Por otra parte, también sería pecar de enorme soberbia creer que la tarea que enfrentaba el gobierno de Macri era fácil. Y sería un error subestimar (y no agradecer) el esfuerzo, la dedicación y las buenas intenciones de muchos de los que se incorporaron a su gobierno para cambiar la Argentina. Se trataba de un desafío enorme: erradicar un sistema populista enquistado desde hace más de setenta años con minorías en ambas cámaras del Congreso. Pero justamente por esta razón una estrategia gradualista en el plano económico estaba condenada al fracaso, ya que significaba darle tiempo a los intereses que sostienen y se benefician de ese sistema para recuperarse, reorganizarse y oponer resistencia. En diciembre de 2015, y especialmente en octubre de 2017, había que seguir el consejo del legendario Almirante Fisher: “hay que pegar primero, pegar fuerte y seguir pegando” (obviamente no en el sentido literal).
Lamentablemente en el plano económico hoy estamos peor que en diciembre de 2015. El gobierno no logró resolver el problema central de la economía argentina, la inflación es más alta y el país tiene 90.000 millones de dólares más de deuda (que luego de la fenomenal depreciación del peso resultará aún más difícil de repagar). Estamos peor porque debido a esta crisis corremos el riesgo de que se diluya todo lo bueno que hizo el gobierno desde entonces. Los partidarios del populismo que arruinó el país se han envalentonado y hoy tienen mejores chances de volver a gobernar (o, más bien, desgobernar).
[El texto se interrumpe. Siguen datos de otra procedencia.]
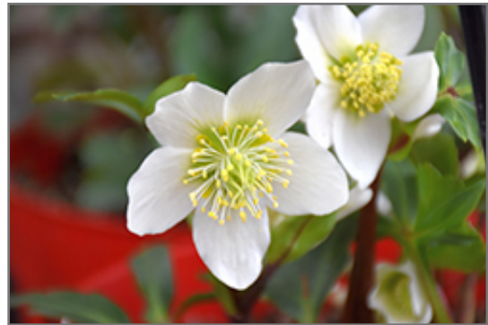
Gold Collection Jacob Hellebore flowers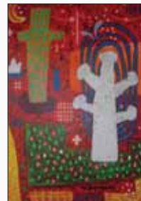
Masako Seo 'Deep Forest' woodcut 85 x 60cm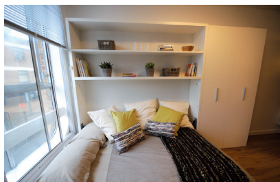
Studio apartment with folding bed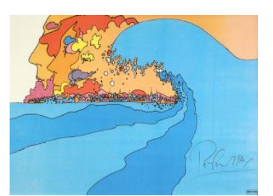
Lot # 148 148 Framed coloured print signed Peter Max, 21 1/2" x 33" "City Wave". $300 - $500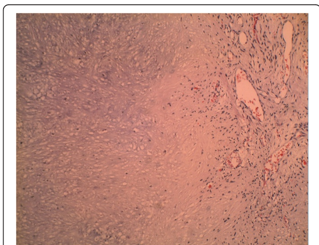
Figure 2 Malignant tumoral proliferation poorly differentiated with chondroid foci (hematoxylin and eosin \times 200 ).

Sarcomas as a primary cancer of the thyroid gland are extremely rare, and have been mainly reported as individual case reports [4]. Metastases in the thyroid gland represent less than 1% of thyroid gland cancers [15,16]. The most frequent primary sites are kidney carcinoma (23%), breast carcinoma (16%), lung carcinoma (15%),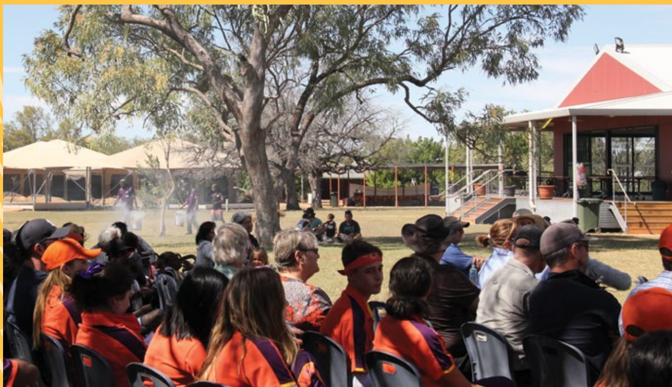
Attendees at the official opening of new student accommodation in May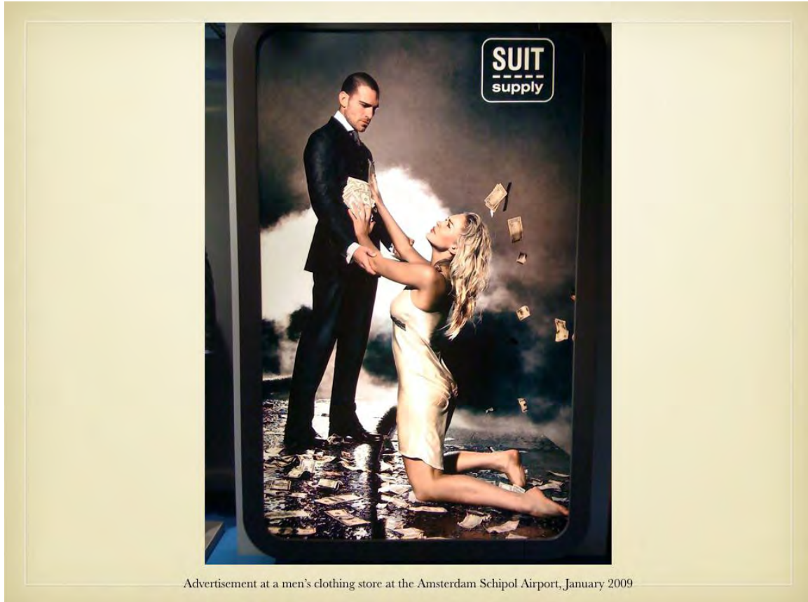
Advertisement at a men's clothing store at the Amsterdam Schipol Airport, January 2009

materialism, a premonition of the opportunities and dangers awaiting the United States as it recovered from the Great Depression.” 4 Old Scratch is portrayed as polite, refined, and soft-spoken—and as usual, he “gets the best lines” as he preaches his gospel of cold cash to a down-on-his-luck New Hampshire farmer. Warned Benét: “[I]f a smooth-spoken and businesslike stranger should appear at your door and offer you all that money can buy in exchange for your freedom of soul, it might be well to look him over rather carefully. I seem to have heard that there are such people abroad in the world, even today.” 5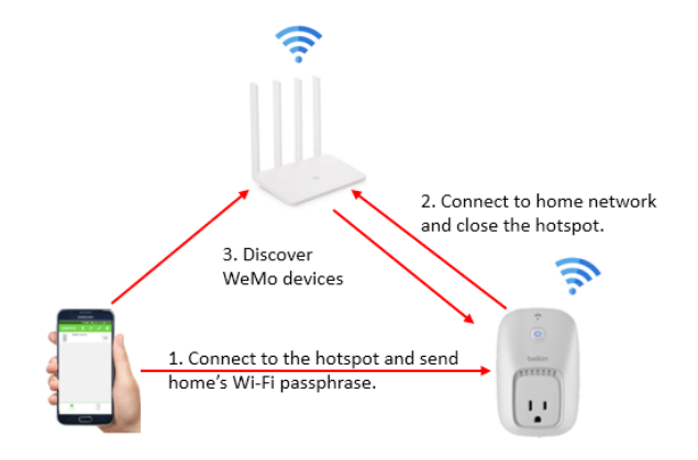
Fig. 1. Initial configuration of a WeMo device: (1) user connects to a hotspot spawned by the smart device, and transmits home network credentials; (2) device connects to home network and switches off hotspot; (3) user discovers and connects to WeMo device using mobile app.

<sup>1</sup>OpenWrt - Wireless Freedom, https://openwrt.org/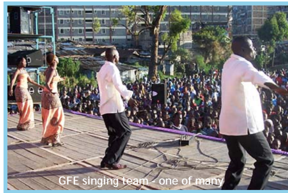
GFE singing team one of many

The crowds grew on the second and third nights with responses on both nights exceeding the first. Then on the final night the ground was so packed that it looked as if it could not contain another person. In the final service over 11,500 people responded, bringing the project total to 85,040 decisions for Jesus. Truly God had turned that ground into a place of redemption. Many tribes were represented in that huge crowd, tribes that were at war and were killing each other just a year ago. Now on this final night they were shaking hands, welcoming each other into the family of God, smiling, embracing and rejoicing together in belonging to the great tribe of heaven, the eternal family of God. As the sun sank below the horizon I shouted to the audience, “The sun is going down, but the Son of God has arisen in your hearts!” At that the crowd cheered and applauded in agreement. Sitting here now in my office at home I can still hear those cheers and I can still see those faces. And I must tell you, those are the most beautiful sights and sounds I have ever seen – the sights and sounds of the transforming love of God. Amazing, absolutely amazing!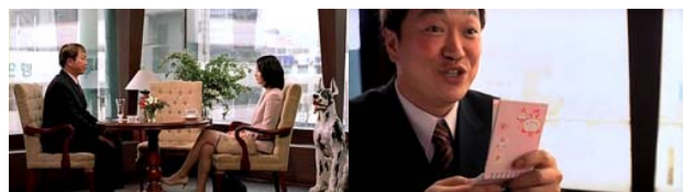
Fig 1 A male client expressing a negative opinion on divorce (left) and reciting Xiaojing and Lunyu (right)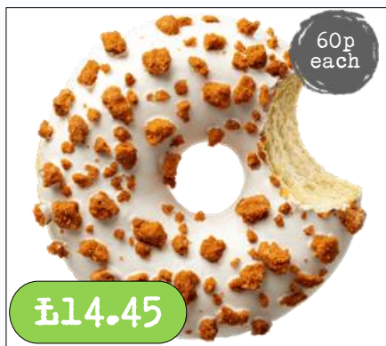
Spectaculous (Vegan) - x 24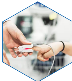
Medical Readers + Tools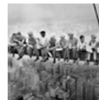
Construction Workers Lunching on a Crossbeam, 1932 Buy Now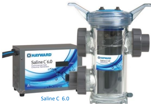
Saline C 6.0

Hayward Saline C® Series NSF certified salt chlorine generators are designed to produce up to 11 lbs. of chlorine per day.

Si lo logran será otra tragedia, ya que al igual que decía Talleyrand de los Borbones no han aprendido nada y no se han olvidado de nada.
Pero no está todo perdido. Aun se puede cambiar el rumbo avanzando decididamente con reformas estructurales y una reducción del gasto público y el déficit fiscal. Si no lo hace Macri lo tendrá que hacer quien sea que lo suceda en 2019. Y si como sociedad nos negamos a terminar con el populismo, basta pedirle a alguno de los miles de inmigrantes venezolanos que han llegado a nuestro país en estos últimos tiempos que nos cuente como termina la película.